Chaya's expression fell. It seemed that, as a person, she had the innate trait of a mad scientist — diving headfirst into solving one problem while forgetting about the others.
"Don't forget about the stasis," I said. "And the ten thousand years they've spent in it."
"That's a big problem," Chaya darkened.
"That's exactly why I didn't tell you until I had at least some kind of plan," I had to clarify my position.
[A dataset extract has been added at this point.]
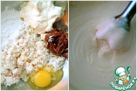Приготовить начинку: в чашке соединить творог, вареную сгущенку, крахмал, яйцо, сметану, ванилин и перебить погружным блендером. Должна получиться однородная, шелковистая структура.

"And what is it?" asked Chaya. "Ask the Ascended for help?"
"Do you really think that would work?" I grinned good-naturedly. "We need a ship with a hyperdrive."
"What's the argument about?" The Athosian woman appeared on the lower level of the Gate Room, and... Hmm, I keep forgetting to ask Alvar the name of his home planet.
"Come on up," I gestured with my head.
It took a couple of minutes to briefly outline the crux of the problem.
"Living Ancestors?" Teyla's eyes went wide. "I believe we must save them. They know and can do so much. Their help would be invaluable in the fight against the Wraiths!"
"Their bodies are too old to be awakened now," said Chaya. "Despite their enhanced physiology, they probably won't live longer than a couple of days, maybe a week."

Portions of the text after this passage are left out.